Ordinarily, at the end of each quarter I do a summary of performance in our various real or hypothetical portfolios. At the end of the 4th quarter, I make it an annual summary. I intend (and hope) to do the same once again in just a few days, for the period through 12/31/11. However, due to exposure to chemicals after a fire at a relative's house, I am experiencing a bout of reactive airway disease. This has meant bothersome asthma-like symptoms, which in turn make the completion of ordinary activities more difficult than usual. So, in case that quarterly/annual report is somewhat later than is typical, please bear with me. It will be posted as soon as this can be managed.

To biggest hurdle is a mental one. To assure accuracy, the calculations for the quarterly or annual reports require good concentration. There are, to be processed in the mix, a number of sales and buys each quarter, diverse portfolios, different amounts and timeframes, final performance as of close of trading at the end of the three-month period, annualized figures, etc. Unfortunately, at the moment my awareness is challenged by the medications I need to be on.

Disclaimer and Disclosure Statement
Much as I'd love it to be otherwise, I receive no payment of any kind for disseminating investment information unless, by some fluke, millions of folks, on the strength of these entries, start buying shares of stock I own, a possibility only slightly less likely than our being destroyed by a large meteorite. Do not follow any suggestions made in Investor's Journal as if I were a professional.

Neither I nor Investor's Journal will be responsible for losses by anyone who obtained ideas from this site.

This diary is intended for personal interest and general information only.
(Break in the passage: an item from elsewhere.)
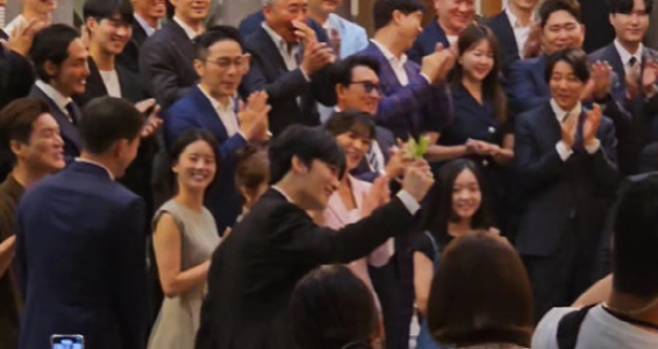 가수 김재중이 배우 심형탁과 일본인 아내 히라이 사야의 한국 결혼식에서 부케를 받아 화제다.

You are advised to do your own research (as well as to consult highly compensated professionals) before spending money on anything.

I know of no reason anyone should take my financial musings seriously. At best I am a dedicated amateur providing a bit of investment-related insight and entertainment, at worst an amusing diversion.

My wife, Fran, and I may at times own shares of some of the assets mentioned here. But neither of us receive any benefit from reference to them, unless you count the mutual misery when we get it wrong, or the opportunity to gloat when we get it right.